I could write that I am exactly like my father but you wouldn’t understand what I mean because you don’t know who he is. I can’t write in the pamphlet that the problem I face with the people in my life is exactly the problem my father has had with my mother because she never really understood who he was and she never could incite him because she never believed in him, and I can’t write in the pamphlet that my fear is that I will become him and his bitterness will be my bitterness and it will ruin me too. I can’t write those things in the pamphlet because you will not see my face when I’m telling you this and you will not sense the hidden fear of my life through my eyes. I could tell you that I wish of a life worth writing about but you wouldn’t understand me because chances are you don’t see the same world as I do and you haven’t read the same books that I have.

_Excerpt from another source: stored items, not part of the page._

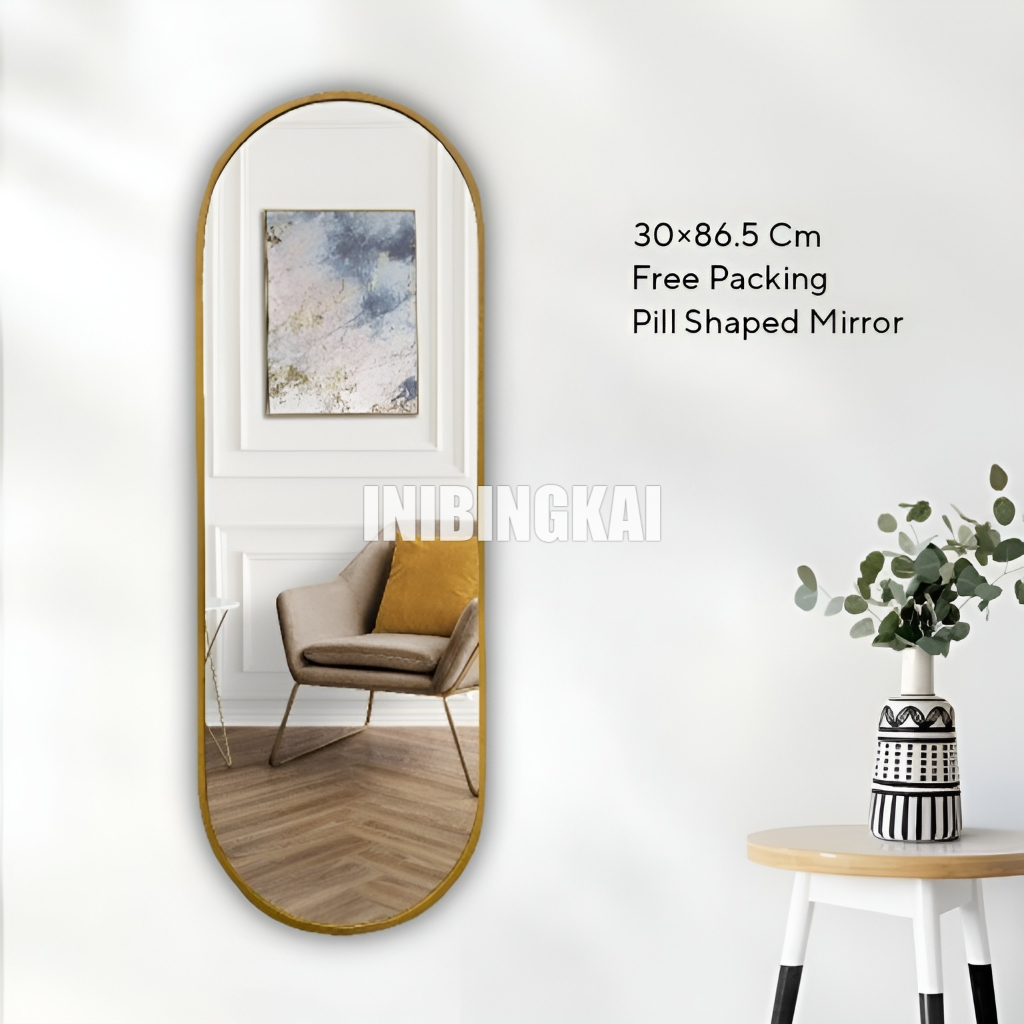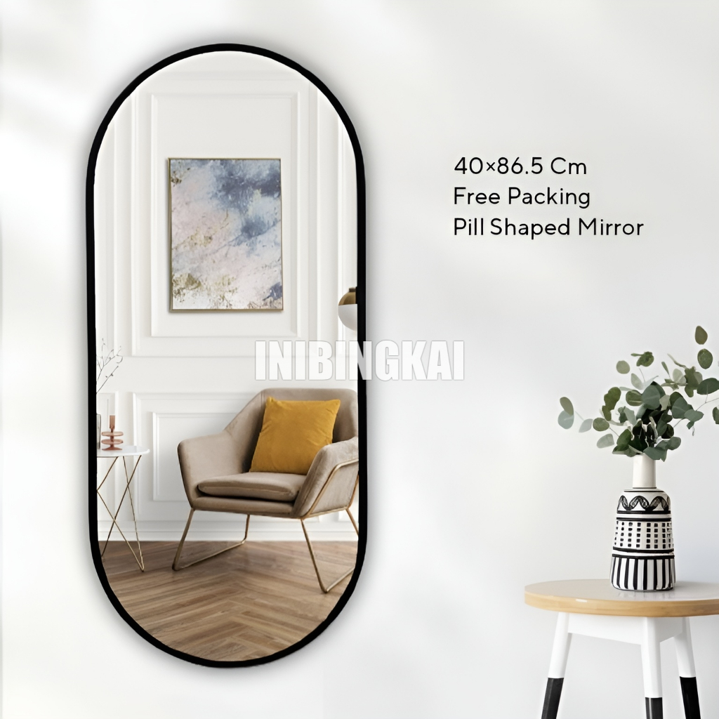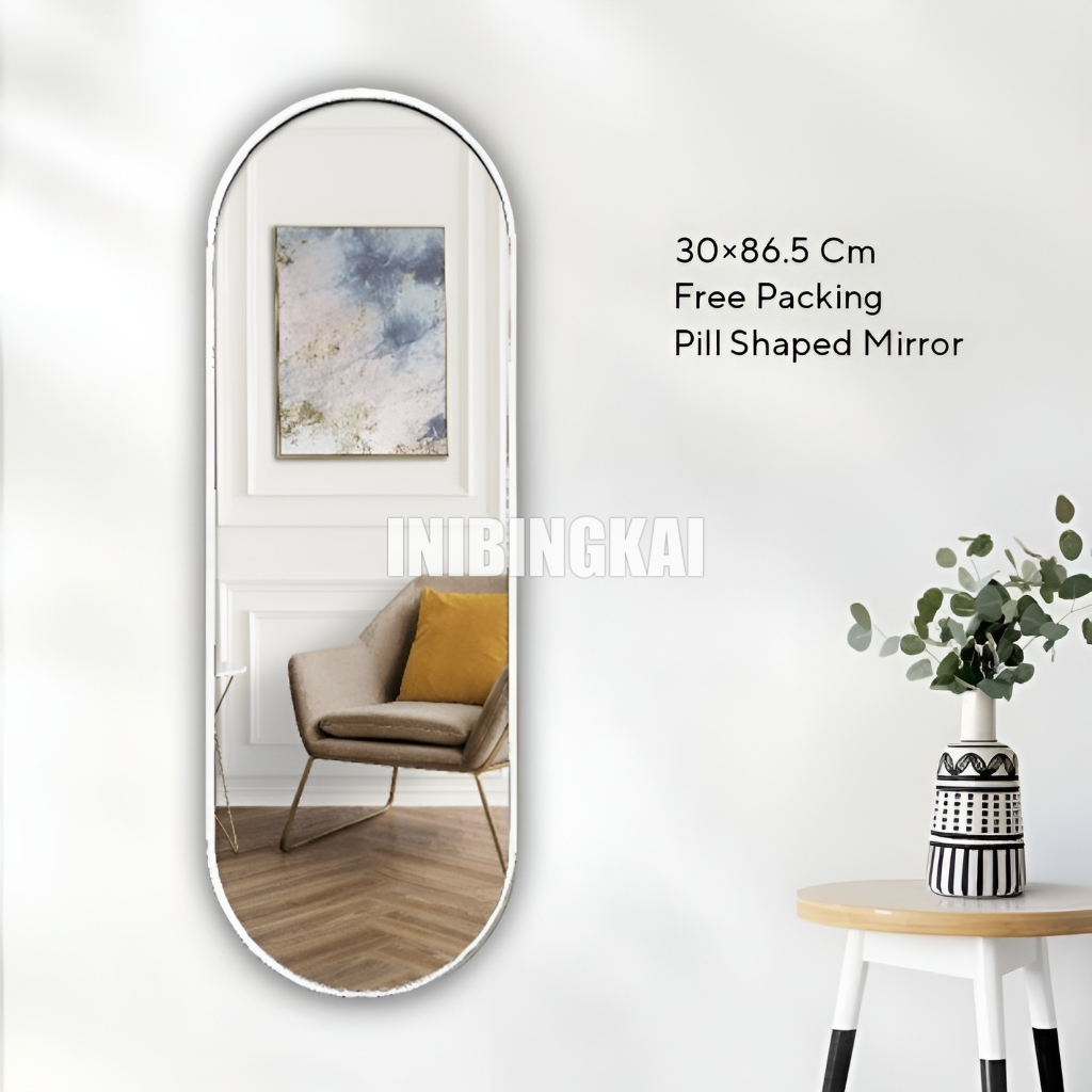 Cermin Dinding Kapsul Oval Aesthetic Cocok untuk Dekorasi Rumah & Kamar Minimalis | Pill Shaped Mirror by Inibingkai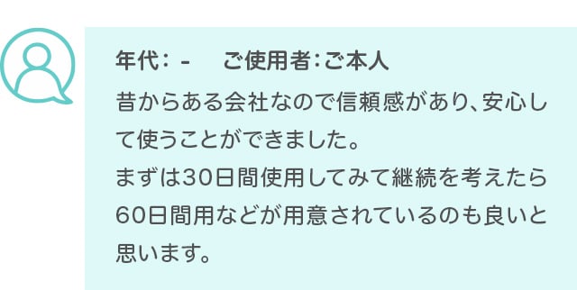 定期セットをご注文お客様は、便利でお得な「プロアクティブ定期便」に自動登録となります。(トライアルセットをご注文のお客様はプロアクティブ定期便への登録はありません) お使いの商品がちょうど無くなる頃に次の商品をお届けいたします(二回目の面倒なご注文は不要になります)。お届け商品・お届けサイクルの変更や、サービスの中止はマイページ・LINEにて承ります。 万が一、お肌に合わなかった場合には「安心の60日間返金保証」が、お客様を最後までサポートします。 詳しくはこちら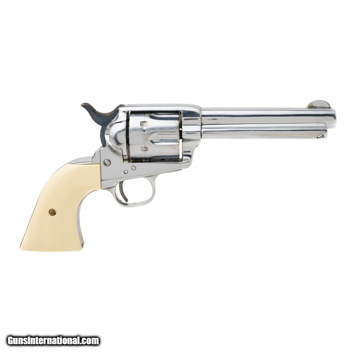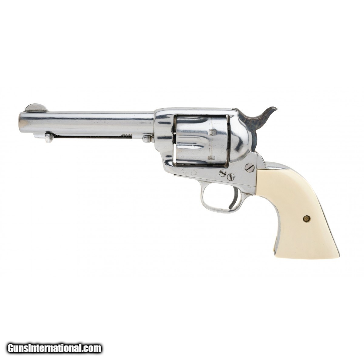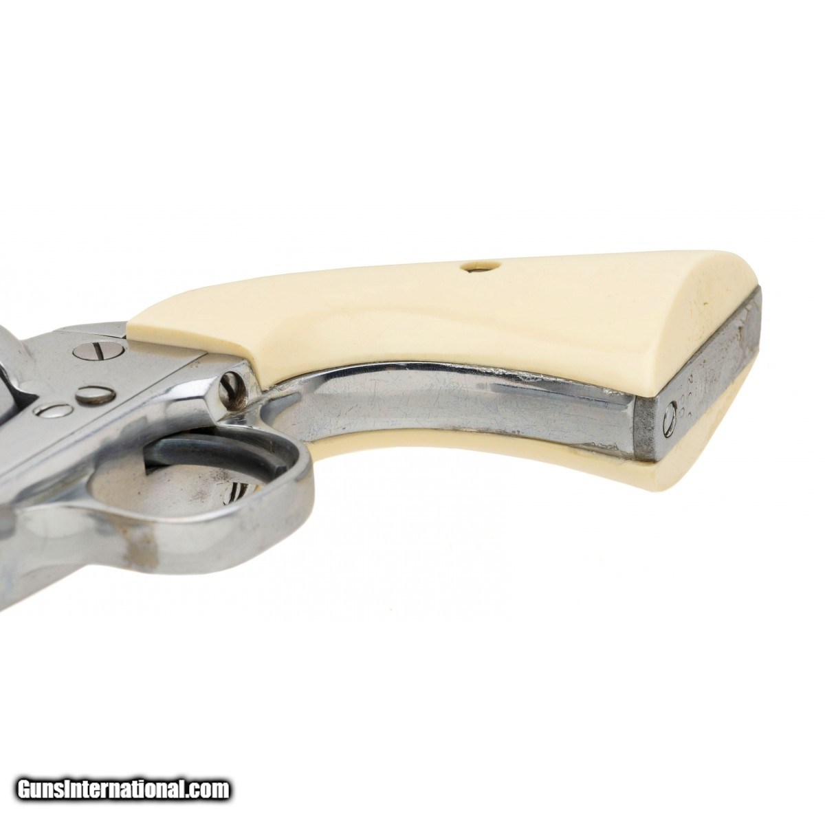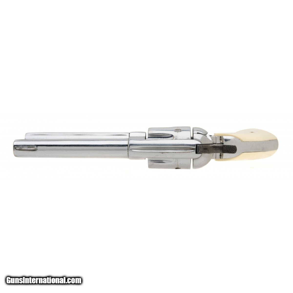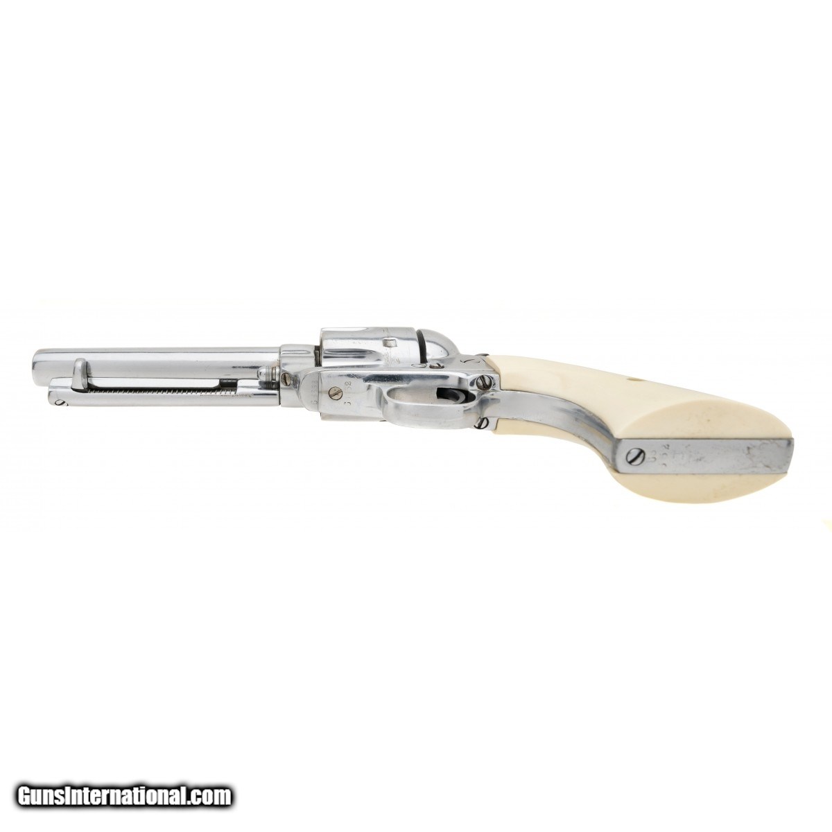 Description: "Serial number 68652. Made in 1881. 45 LC caliber with a 5" barrel. This gun has been refinished and the barrel has been shortened. The grips are two piece faux ivory. SOLD Antique: Yes |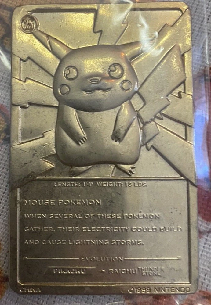 This rare and special edition Pikachu trading card is a must-have for any Pokémon League fan. The card features a stunning gold-plated finish and is made of high-quality metal material. It was manufactured by Nintendo in 1999 and is part of the Burger King set. This vintage card is a perfect addition to any collector's set and is sure to impress with its unique attributes. The card is in excellent shape and has been well-preserved over the years. It is a great opportunity to own a piece of Pokémon TCG history.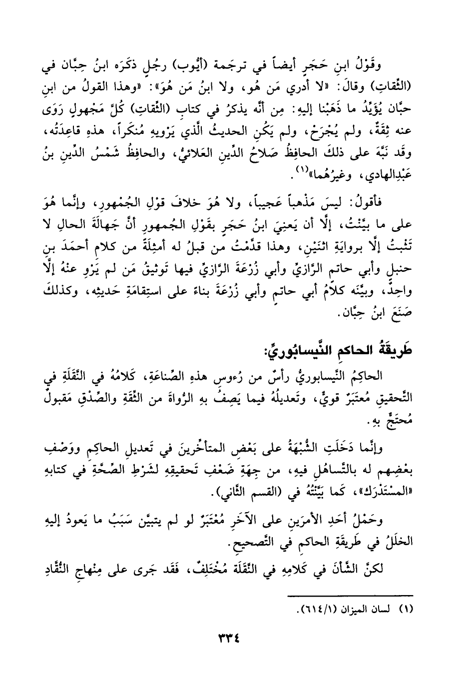 وقول ابن حجر أيضاً في ترجمة (أيوب) رجل ذكره ابن حبان في (الثقات) وقال: " لا أدري من هو، ولا ابن من هو ": " وهذا القول من ابن حبان يؤيد ما ذهبنا إليه: من أنه يذكر في كتاب (الثقات) كل مجهول روى عنه ثقة، ولم يجرح، ولم يكن الحديث الذي يرويه منكراً، هذه قاعدته، وقد نبه على ذلك الحافظ صلاح الدين العلائي، والحافظ شمس الدين بن عبد الهادي، وغيرهما " (¬1).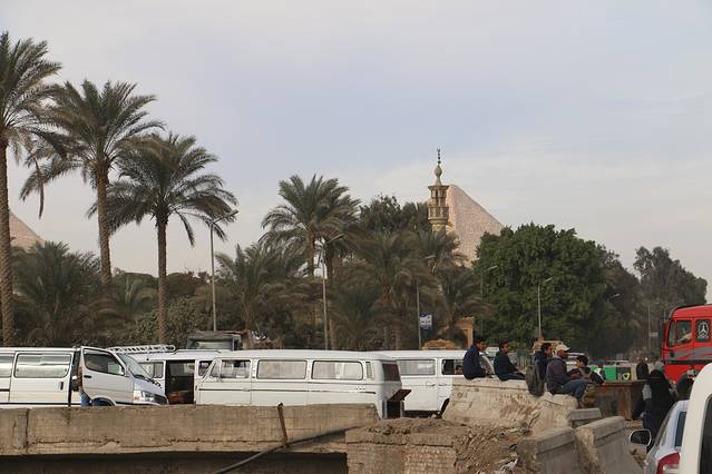 已经望见金字塔了,心情开始激动起来,可前面的道路依然混乱拥堵。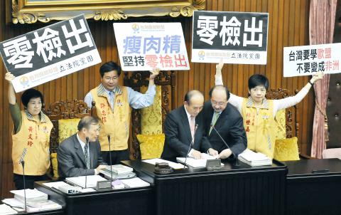 With a 63-46 vote along party lines, the nation is expected to adopt maximum residue levels (MRL) of 10 parts per million (ppm) for ractopamine, a standard favored by President Ma Ying-jeou (馬英九) and the Chinese Nationalist Party (KMT).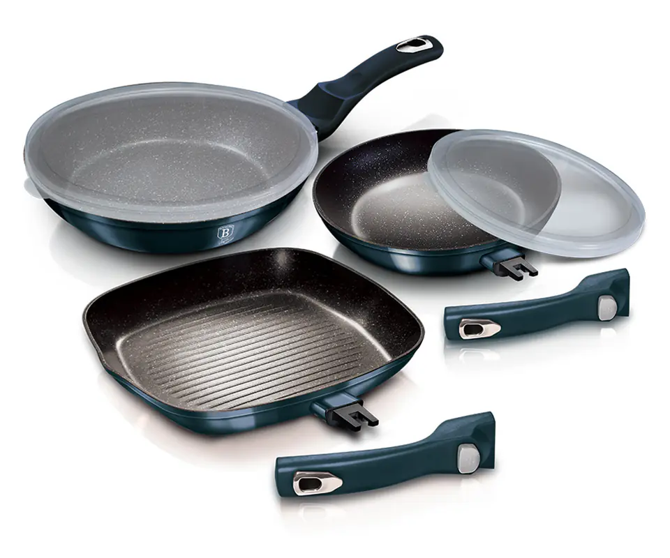 Naczynia z serii AQUAMARINE EDITION firmy BERLINGER HAUS wykonane są z wysokiej klasy odlewanego aluminium pokrytego wewnątrz potrójną powłoką granitową (marble) o bardzo wysokim współczynniku twardości. Powłoka zewnętrzna w kolorze metalicznym grafitowym. Te atrakcyjne i modne naczynia wyposażone są standardowo w uchwyty typu SOFT TOUCH (silikon handle). Przystosowane do wszystkich rodzajów kuchenek: gazowa, elektryczna, ceramiczna, halogenowa, indukcyjna. System TURBO INDUCTION (bardzo szybko nagrzewają się) pozwala zaoszczędzić nawet 35% energii.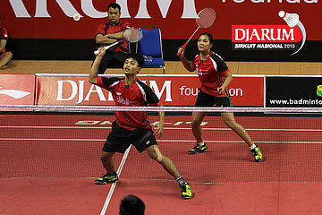 Akbar Bintang/Ristya Ayu (DJarum Kudus) bersiap menyambar pengembalian dari Stefan Indra/Variella Aprilsasi (Mutiara Cardinal/Tjakrindo Masters)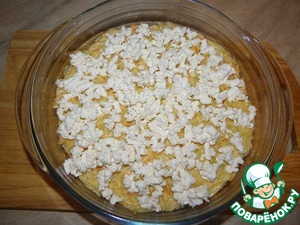 Брынзу ( или другой сыр) натереть на терке, посыпать весь верх. Разогреть духовку 170-180%. И поставить готовиться на 25-35 минут. (смотреть по готовности, не пересушить) Затем достать, дать остыть, и извлечь из формы.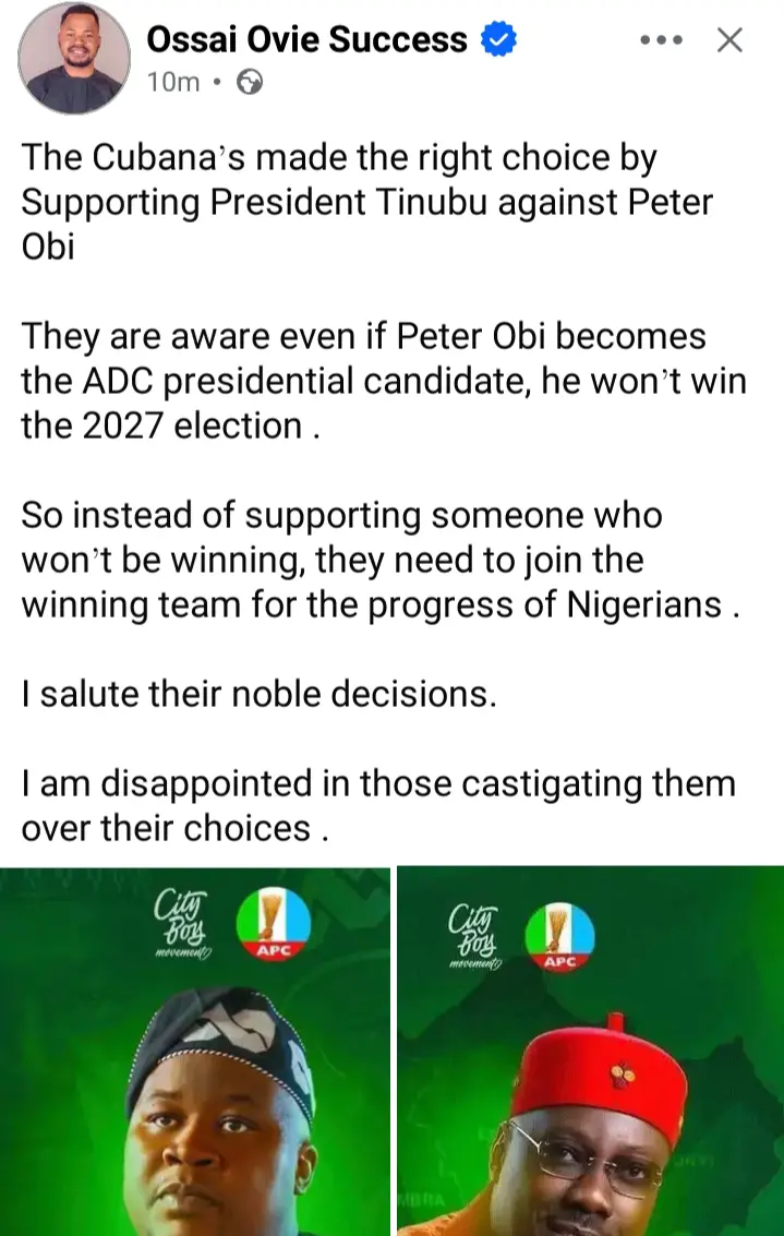 He wrote, “The Cubana’s made the right choice by Supporting President Tinubu against Peter Obi. They are aware even if Peter Obi becomes the ADC presidential candidate, he won’t win the 2027 election. I am disappointed in those castigating them over their choices.”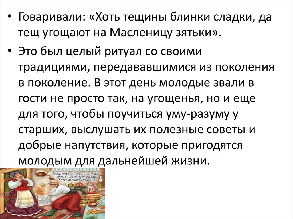 • Говаривали: «Хоть тещины блинки сладки, датещ угощают на Масленицу зятьки».

The most magnificent people are the people that challenge our beliefs, the ones that change our theories about the world. The ones that break the silence between what we say and what we wish we could say but are too afraid to speak, the ones that realize all the things that I have mentioned without us saying a word. The ones that understand that I am impatient and hopeful, and that I pretend to be calmer than I actually am, the ones that understand my incalculable belief in art. The people that will understand my obsession with the theatre or the ballet. The people that will accept my flaws as I have accepted them. The ones that will apprehend my boredom with apathetic beings.
One thing is for sure; no time will be wasted. There are many things that I am but lackadaisical is not one of them. So welcome or goodbye. Depending on who you are.